- A Dural AV Fistula is a shunt from a dural artery (meningeal or occipital) to a dural venous channel
- These are acquired deficits not congenital like AVMS and potential cause of ICH and SAH
- 10 % of all intracranial AVMS. Most common in females > males
- Causes include head injury, open surgery and Cerebral venous sinus thrombosis.
- These "fistulae" are extra axial direct connections between arterial flow and dural venous sinuses.
- The result is flow, shunting, pressure effects and venous congestion and haemorrhage.
- They lie within the dura mater most commonly with the transverse sinus
- Carotid-cavernous sinus shunts cause chemosis and scleral injection and an audible bruit.
- Lesions without cortical venous reflex almost never cause neurological deficits
- Cavernous sinus behind the eye: chemosis, reduced acuity, bruit, swelling of the eye.

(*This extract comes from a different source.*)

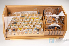 - 1 набор для учителя (540х240х230 мм). Контейнер-укладка с сухими реагентами, растворами во флаконах, посудой и принадлежностями, учебным пособием, паспортом. В состав включены тест-системы для определения содержания веществ (аммиак, pH, активный хлор, общее железо, медь, нитраты).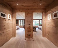 Потолки в шале высокие, деревянные и обязательно с крупными деревянными балками темного цвета, которые в современном интерьере являются элементом декора. Стены также деревянные или облицованные деревом, иногда с отделкой камнем.

- Transverse/sigmoid sinus behind ear: pulsating noise (tinnitus). Stroke like symptoms, seizure like activity, headaches.
- Vertebral artery
- Possibly asymptomatic, Dural pain fibres can lead to headache.

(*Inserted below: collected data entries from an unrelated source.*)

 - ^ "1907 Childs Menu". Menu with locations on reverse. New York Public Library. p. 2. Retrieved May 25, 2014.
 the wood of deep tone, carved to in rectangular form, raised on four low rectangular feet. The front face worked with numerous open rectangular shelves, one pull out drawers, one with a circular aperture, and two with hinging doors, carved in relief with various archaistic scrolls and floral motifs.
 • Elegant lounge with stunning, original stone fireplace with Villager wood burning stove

- Seizures, bruits, headaches, stroke like episodes
- Signs of increased intracranial pressure and bleeding.
- Diagnosis is by Angiography - CTA/MRA/DSA. There is usually localised venous congestion with dilated cortical veins and vasogenic oedema. Angiography demonstrated early venous filling with arterial supply from external carotid artery branches.
- Annual bleed risk is difficult to determine but felt to be less than 5% per annum.
- Treatment options include conservative, endovascular embolisation using N-butyl-cyanoacryalate glue or other substance or surgery.